### Problem to work on
From the first line of the records below through the line with "在活动中,上海评弹团团长高博", output each line exactly; skip the pictures.

### Record set

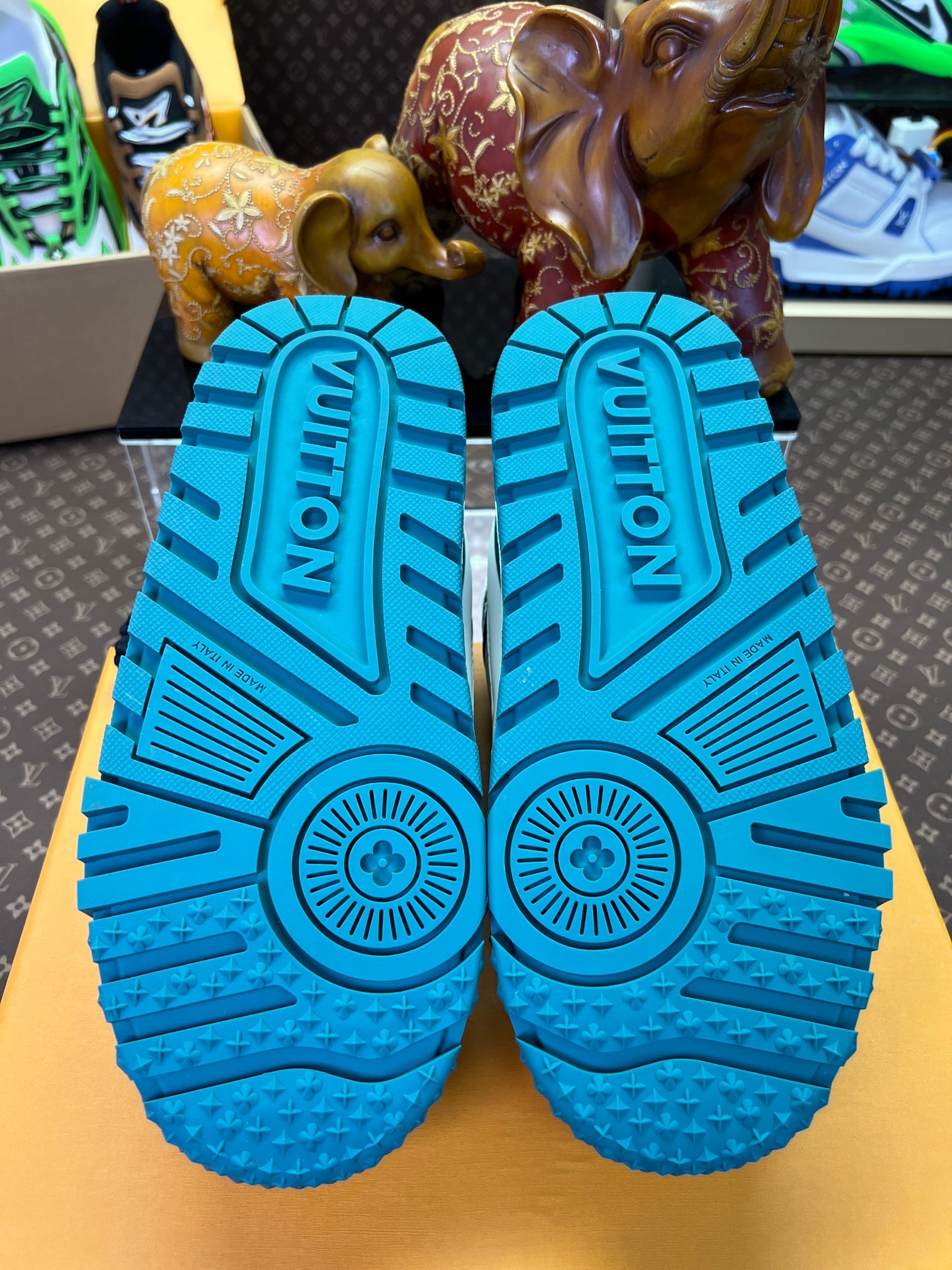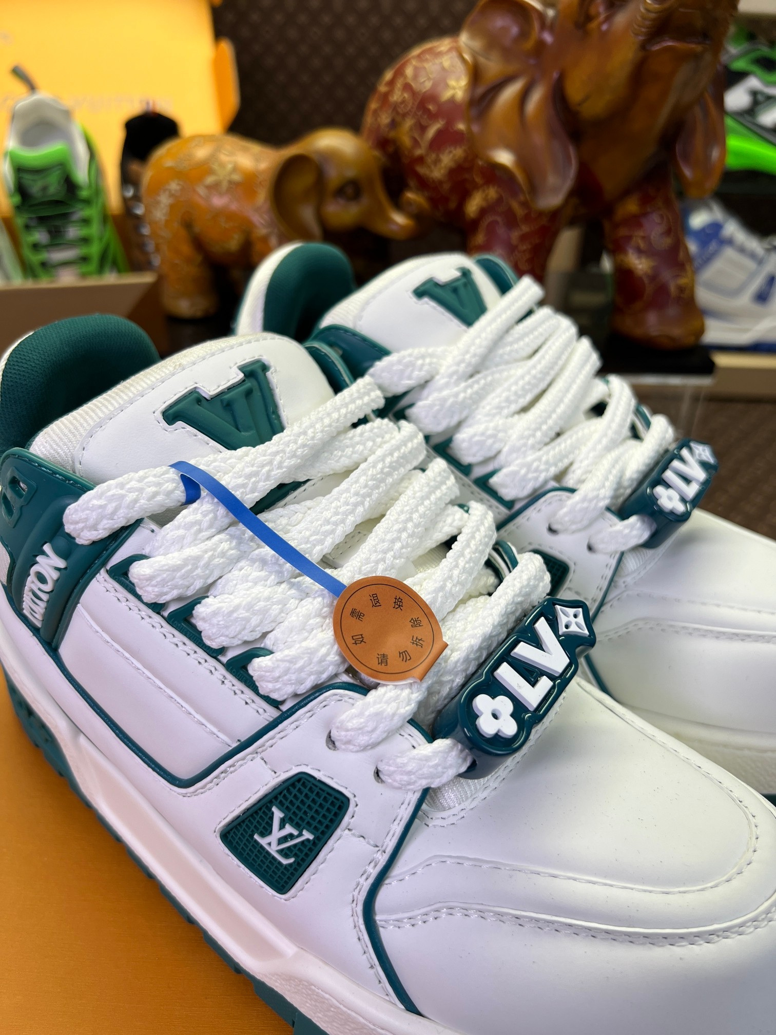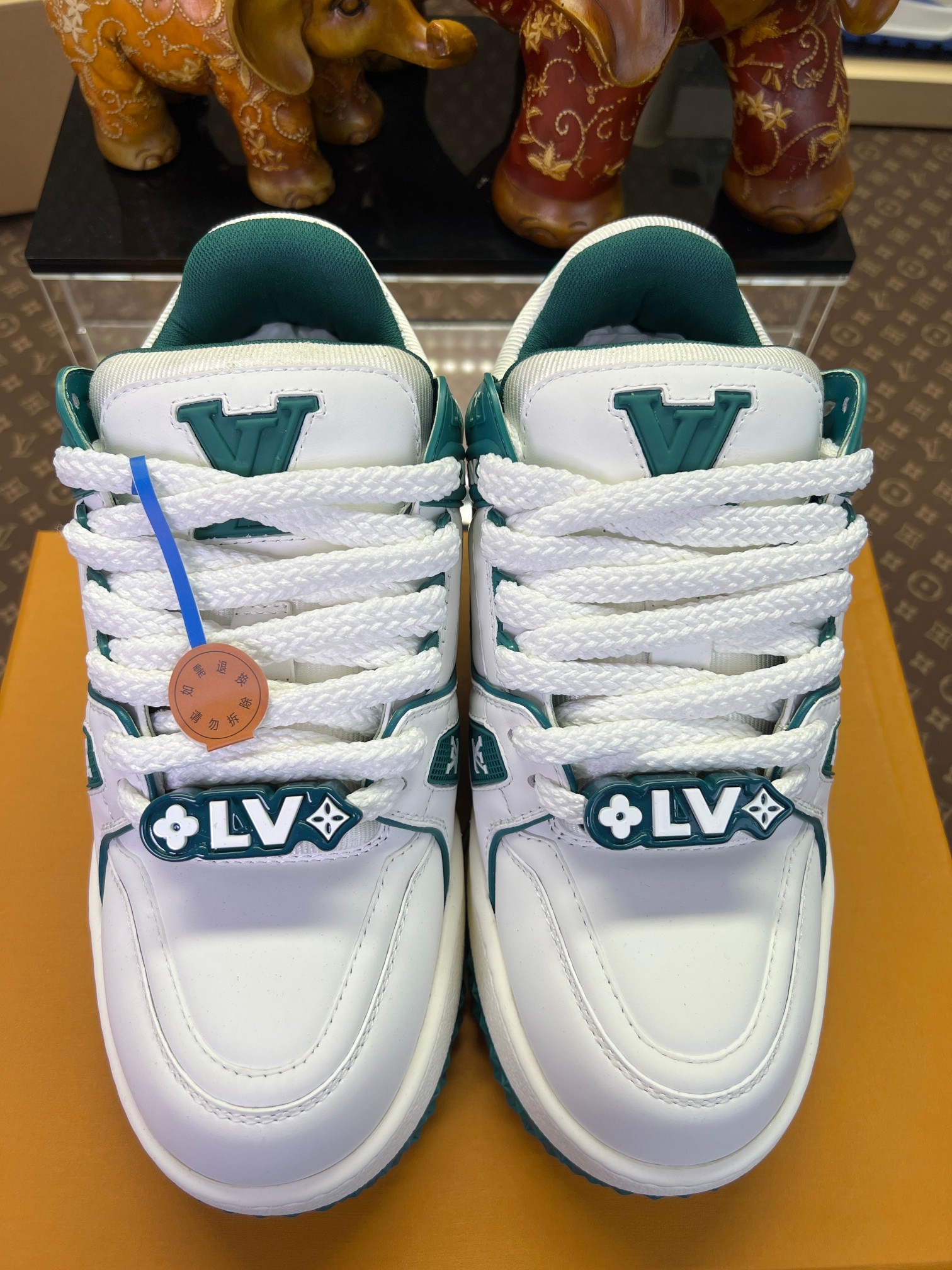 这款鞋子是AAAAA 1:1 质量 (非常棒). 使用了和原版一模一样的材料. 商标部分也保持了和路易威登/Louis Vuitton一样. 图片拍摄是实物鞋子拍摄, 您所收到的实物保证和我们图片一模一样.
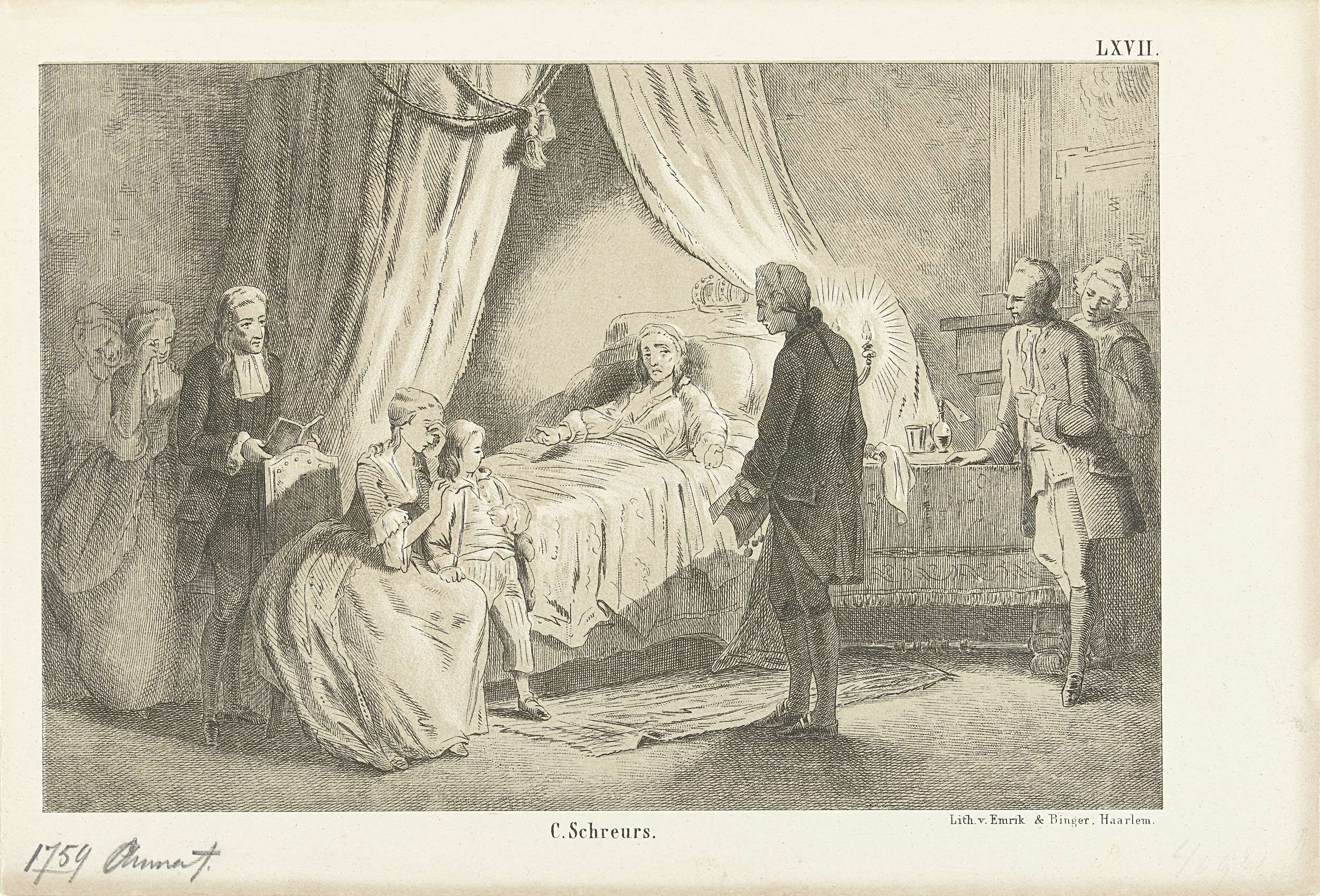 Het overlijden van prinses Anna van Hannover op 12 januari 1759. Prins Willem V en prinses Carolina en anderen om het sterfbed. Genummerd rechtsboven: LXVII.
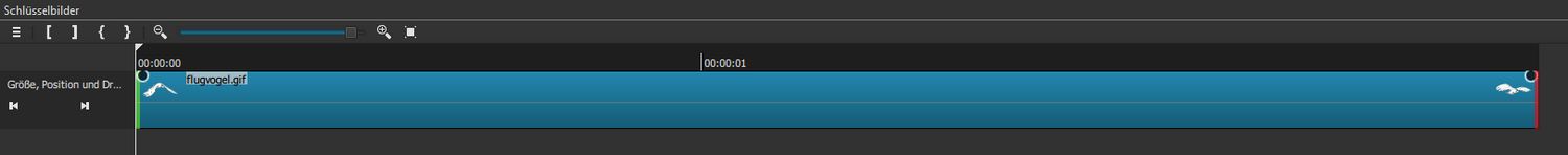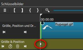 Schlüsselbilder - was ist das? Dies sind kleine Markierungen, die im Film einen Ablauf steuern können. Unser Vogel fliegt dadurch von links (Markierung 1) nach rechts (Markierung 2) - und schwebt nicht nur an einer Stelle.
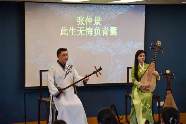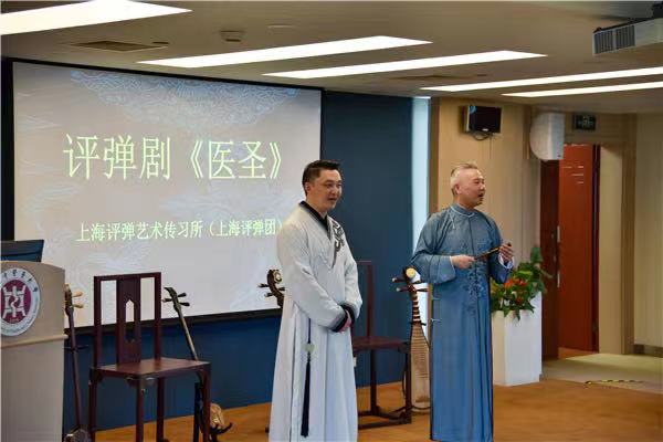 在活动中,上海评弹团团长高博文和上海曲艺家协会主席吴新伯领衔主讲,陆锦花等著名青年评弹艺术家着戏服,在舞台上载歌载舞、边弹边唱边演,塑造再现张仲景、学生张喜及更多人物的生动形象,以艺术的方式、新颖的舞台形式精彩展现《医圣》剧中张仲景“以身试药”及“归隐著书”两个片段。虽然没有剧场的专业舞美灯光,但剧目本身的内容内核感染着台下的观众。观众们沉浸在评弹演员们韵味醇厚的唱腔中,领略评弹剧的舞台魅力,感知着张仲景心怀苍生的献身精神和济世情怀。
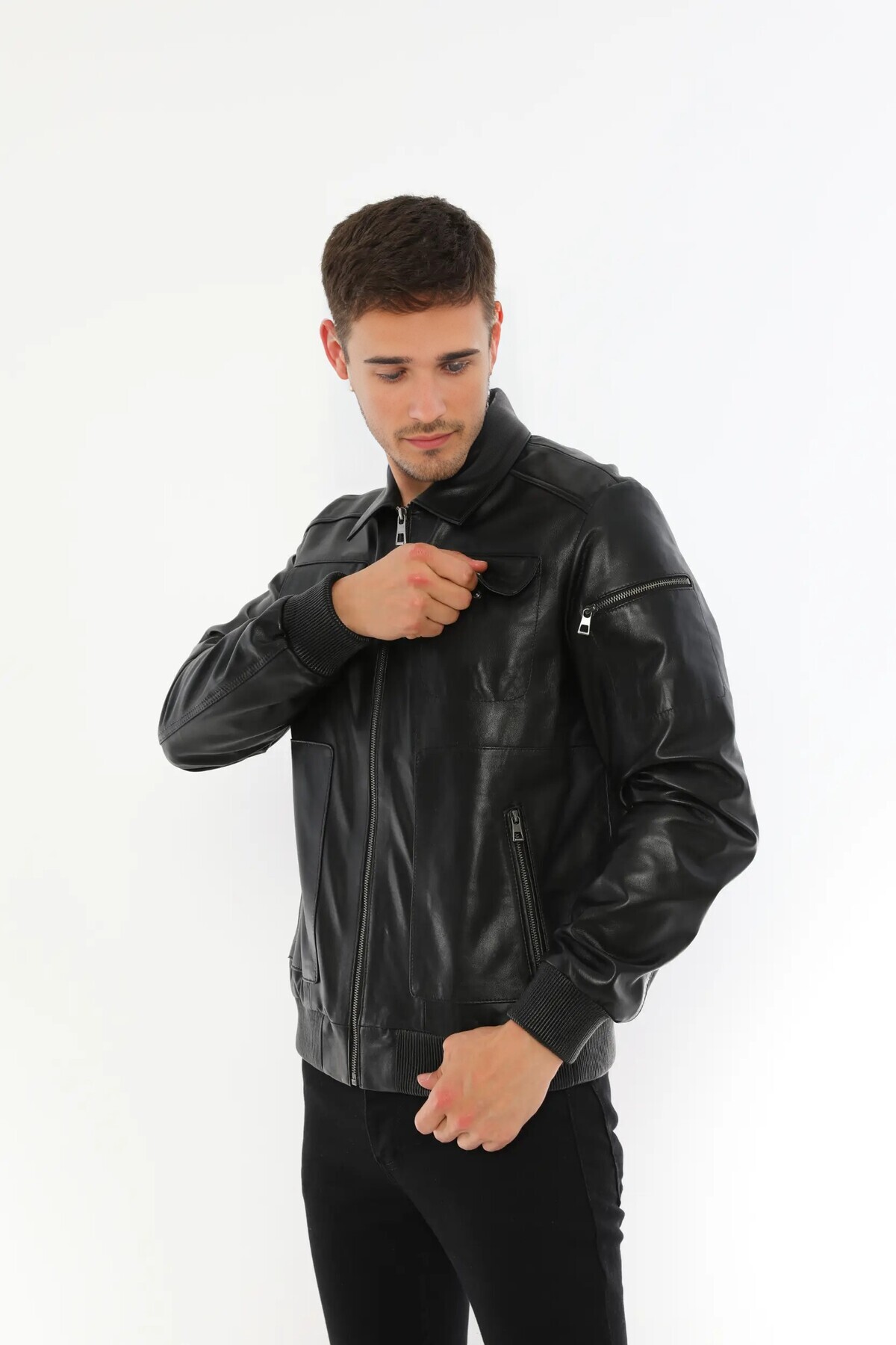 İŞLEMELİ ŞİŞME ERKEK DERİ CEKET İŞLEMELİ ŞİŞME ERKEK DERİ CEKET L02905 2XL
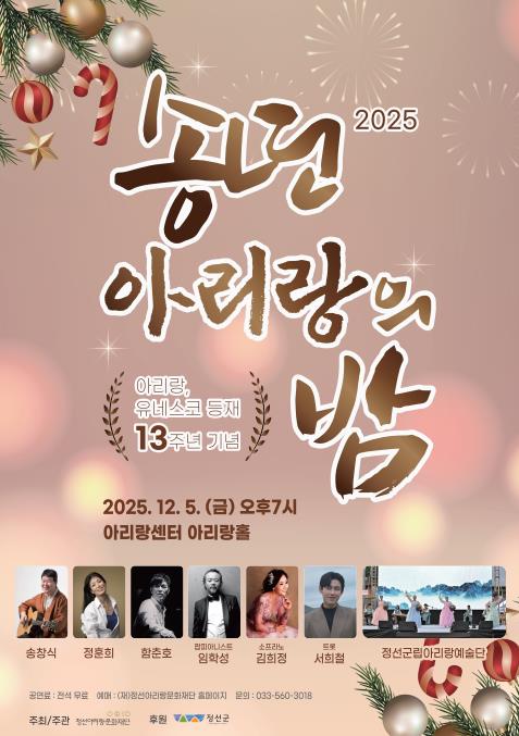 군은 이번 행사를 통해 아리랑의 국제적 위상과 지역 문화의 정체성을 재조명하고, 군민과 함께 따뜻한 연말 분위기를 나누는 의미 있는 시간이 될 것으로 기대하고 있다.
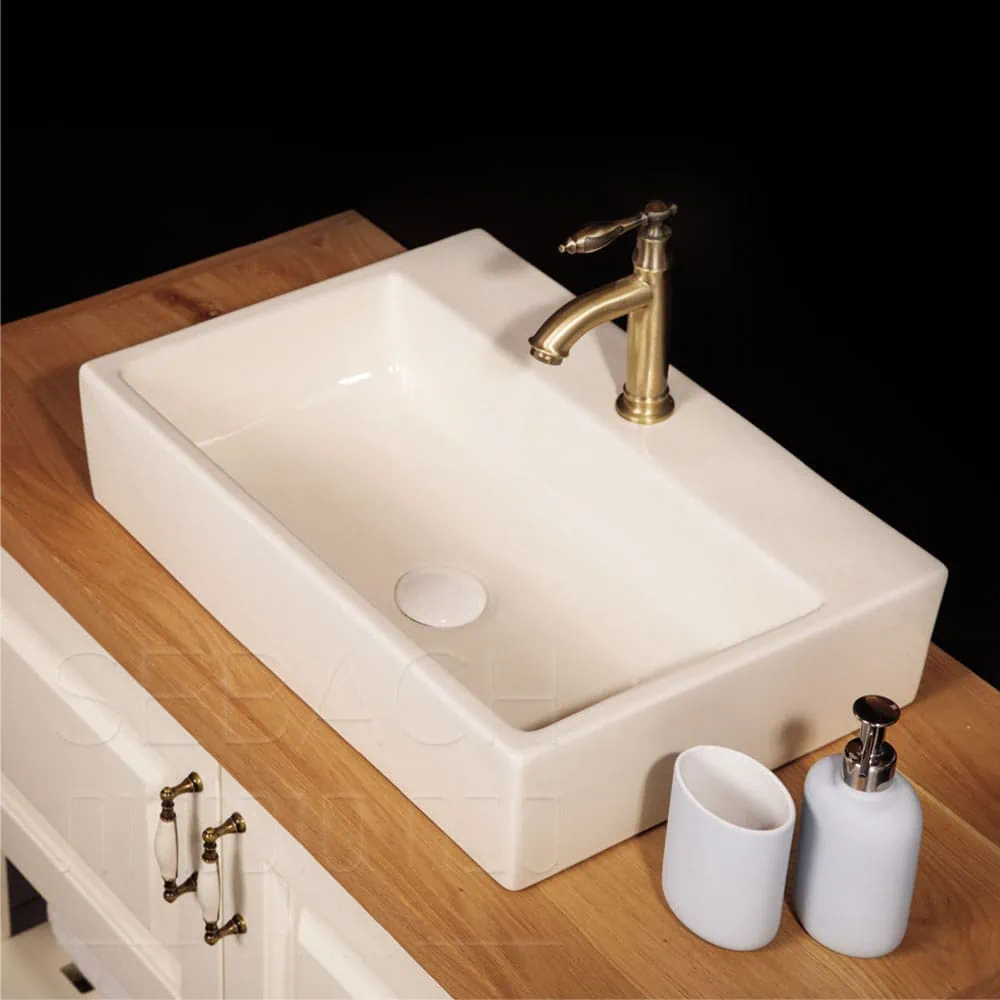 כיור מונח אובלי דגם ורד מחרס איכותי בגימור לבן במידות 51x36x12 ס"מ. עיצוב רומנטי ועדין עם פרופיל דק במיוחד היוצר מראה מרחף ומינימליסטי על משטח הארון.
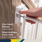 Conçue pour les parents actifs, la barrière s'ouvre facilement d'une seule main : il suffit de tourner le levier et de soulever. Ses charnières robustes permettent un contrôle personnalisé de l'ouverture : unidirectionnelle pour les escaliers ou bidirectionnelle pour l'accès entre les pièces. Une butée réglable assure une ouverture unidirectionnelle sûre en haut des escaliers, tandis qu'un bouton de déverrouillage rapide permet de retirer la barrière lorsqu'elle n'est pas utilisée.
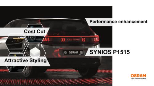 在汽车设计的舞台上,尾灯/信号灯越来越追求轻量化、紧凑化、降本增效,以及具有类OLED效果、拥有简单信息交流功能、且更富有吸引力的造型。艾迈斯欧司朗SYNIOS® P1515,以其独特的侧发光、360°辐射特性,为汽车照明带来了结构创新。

### Answer to the exercise
 这款鞋子是AAAAA 1:1 质量 (非常棒). 使用了和原版一模一样的材料. 商标部分也保持了和路易威登/Louis Vuitton一样. 图片拍摄是实物鞋子拍摄, 您所收到的实物保证和我们图片一模一样.
 Het overlijden van prinses Anna van Hannover op 12 januari 1759. Prins Willem V en prinses Carolina en anderen om het sterfbed. Genummerd rechtsboven: LXVII.
 Schlüsselbilder - was ist das? Dies sind kleine Markierungen, die im Film einen Ablauf steuern können. Unser Vogel fliegt dadurch von links (Markierung 1) nach rechts (Markierung 2) - und schwebt nicht nur an einer Stelle.
 在活动中,上海评弹团团长高博文和上海曲艺家协会主席吴新伯领衔主讲,陆锦花等著名青年评弹艺术家着戏服,在舞台上载歌载舞、边弹边唱边演,塑造再现张仲景、学生张喜及更多人物的生动形象,以艺术的方式、新颖的舞台形式精彩展现《医圣》剧中张仲景“以身试药”及“归隐著书”两个片段。虽然没有剧场的专业舞美灯光,但剧目本身的内容内核感染着台下的观众。观众们沉浸在评弹演员们韵味醇厚的唱腔中,领略评弹剧的舞台魅力,感知着张仲景心怀苍生的献身精神和济世情怀。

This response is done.